◆ Your instructions
Should the word "with" occur in a line of the records, copy that line.

Data provided START

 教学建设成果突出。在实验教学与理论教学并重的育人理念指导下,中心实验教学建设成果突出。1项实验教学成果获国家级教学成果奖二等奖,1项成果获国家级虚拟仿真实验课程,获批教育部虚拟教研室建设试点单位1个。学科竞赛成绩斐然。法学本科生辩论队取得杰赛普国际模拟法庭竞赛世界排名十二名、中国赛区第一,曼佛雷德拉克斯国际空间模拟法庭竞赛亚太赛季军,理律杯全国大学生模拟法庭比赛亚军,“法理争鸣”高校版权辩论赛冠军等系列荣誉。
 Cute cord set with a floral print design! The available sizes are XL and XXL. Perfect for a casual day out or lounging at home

Data provided END
Data provided START

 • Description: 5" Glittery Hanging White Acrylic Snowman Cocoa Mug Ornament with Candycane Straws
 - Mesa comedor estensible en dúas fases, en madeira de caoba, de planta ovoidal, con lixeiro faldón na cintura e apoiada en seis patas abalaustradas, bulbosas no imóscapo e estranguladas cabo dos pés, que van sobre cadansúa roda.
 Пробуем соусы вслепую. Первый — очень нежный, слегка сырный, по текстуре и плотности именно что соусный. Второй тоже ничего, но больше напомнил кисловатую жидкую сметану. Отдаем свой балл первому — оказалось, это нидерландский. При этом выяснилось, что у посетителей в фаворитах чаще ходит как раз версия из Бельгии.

Data provided END

◆ Finished exercise
 Cute cord set with a floral print design! The available sizes are XL and XXL. Perfect for a casual day out or lounging at home
 • Description: 5" Glittery Hanging White Acrylic Snowman Cocoa Mug Ornament with Candycane Straws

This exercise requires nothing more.